Why not a GitHub Action: a hosted action would need a long-lived Claude credential in every repo that uses it, and would surrender control over redaction to CI. Local-first keeps the redactor in the critical path.

Why not a GitHub App: out of scope — would require hosting, persistence, and a review queue. Local CLI is enough for Mark's use case.

Security posture

Three failure modes are treated as load-bearing (PLAN.md §Risks):

Credential leakage. Two-seam redaction (pre-prompt + pre-post) plus a diff-level blocklist that drops blocked paths before they enter the prompt. Patterns cover AWS keys, GitHub / Anthropic / OpenAI / Slack tokens, JWTs, URL userinfo, and PEM private-key blocks. The CLI wrapper also scrubs ANTHROPIC_API_KEY from the subprocess environment — defense against accidental leakage into a future CLI change that logs env.
Reviewing proprietary code. denylist_owners hard-refuses (exit 0 with stderr message). Non-allowlisted orgs get an interactive --yes gate.
Runaway fix-ups. apply_fixups aborts and git reset --hard HEAD if the mechanical diff exceeds 100 lines. Never pushes; user pushes by hand after inspecting.

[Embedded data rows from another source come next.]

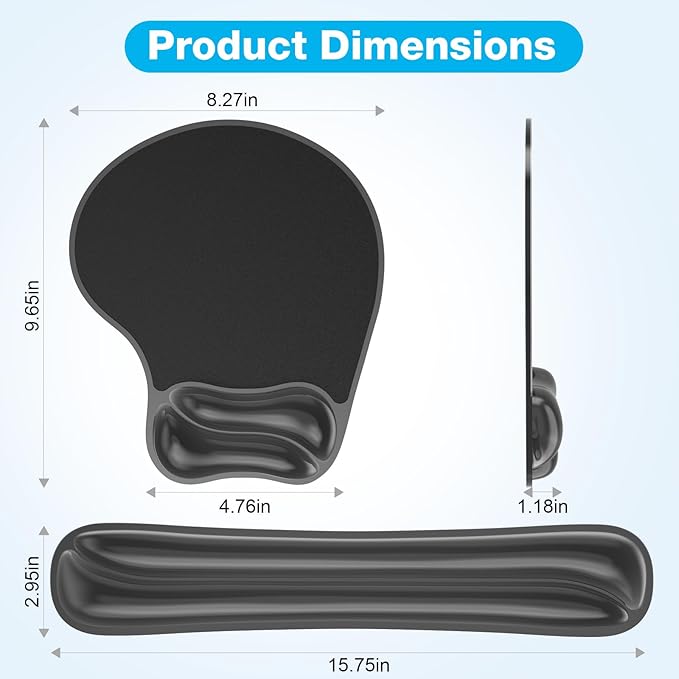 - Universal Size Keyboard and Mouse Pad:Designed to fit most setups, this set includes a keyboard wrist rest (15.75*2.95 in) and a mouse wrist rest (9.65*8.27 in). Compatible with 65%, 75%, and full-size keyboards, mechanical or otherwise.
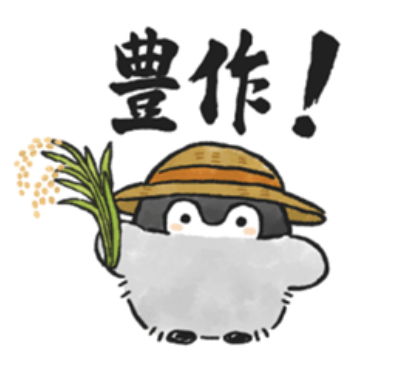黄金色の稲穂を収穫して、どこか誇らしげなコウペンちゃん🌾
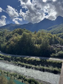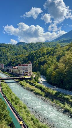 Панорамные окна с умопомрачительным видом на горы и реку Мзымта, просторный балкон приглашает встречать рассветы в условиях первозданной природы.
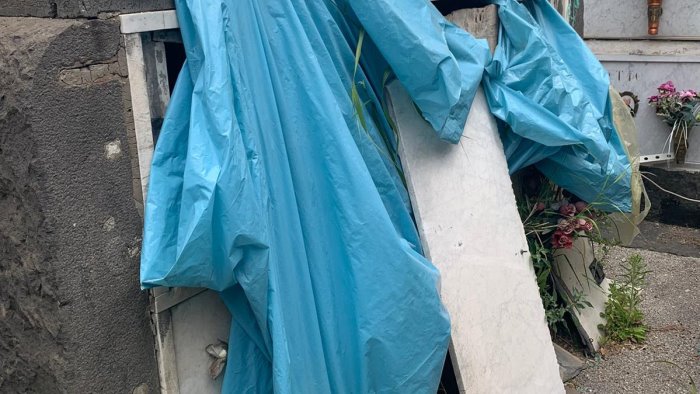 Al cimitero del Pianto, a Napoli, tra i loculi, davanti ad una tomba danneggiata, sono spuntate delle buste con uno o più cadaveri all’interno.
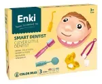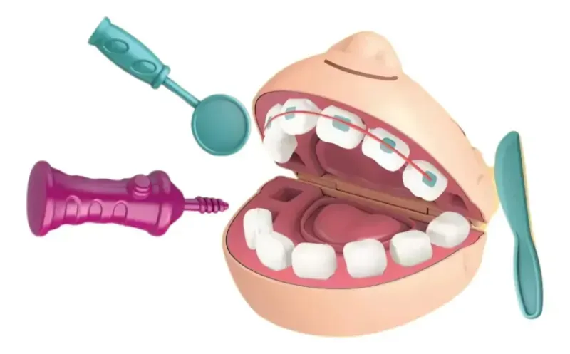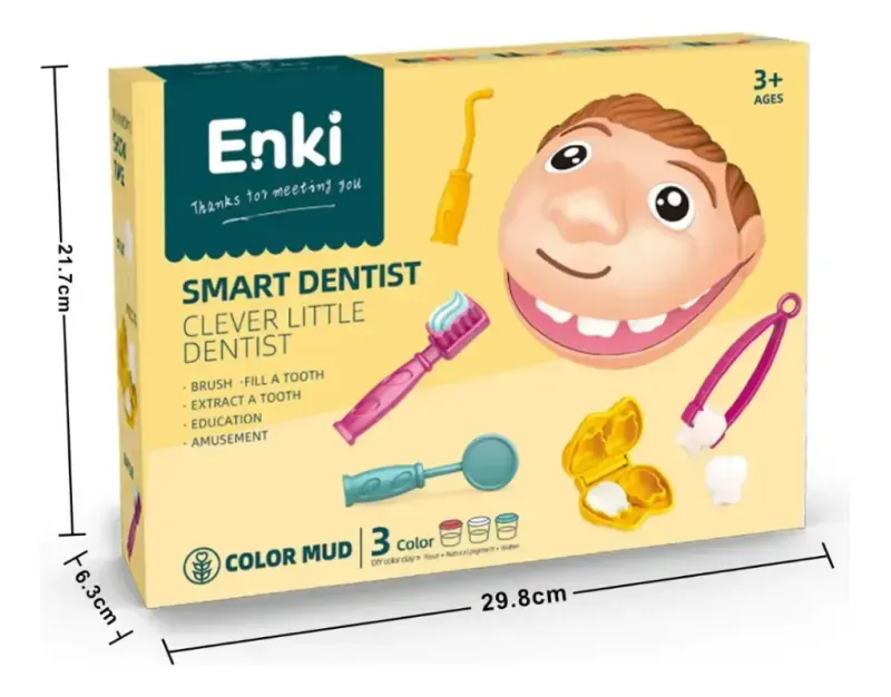 Incluye una cabeza con mandíbula móvil, herramientas dentales: espejo, taladro, pinzas, molde para brackets, torno, 3 botes de plastilina de colores.

Other mitigations: prompt-injection resistance in the system prompt (agent is told to ignore instructions inside PR content), default review event is COMMENT not APPROVE, worktrees are pid-scoped and SIGINT-cleaned, the CLI seam is isolated to one file so swapping on flag drift is a local change.

Testing

cd ~/pr-review
uv run pytest

All tests are pure-python (the poll seam is mocked). uv run ruff check . for lint. There is no e2e test gate — the plan reserves CLAUDE_REVIEW_E2E=1 for a future public-PR smoke test.

Files

src/claude_review/ — package source (12 modules).
tests/ — pytest suite.
docs/review-criteria.md — human-editable review philosophy.
PLAN.md — the implementation plan (1 771 lines; all tasks complete).
pyproject.toml — uv project, click runtime dep, pytest + ruff dev.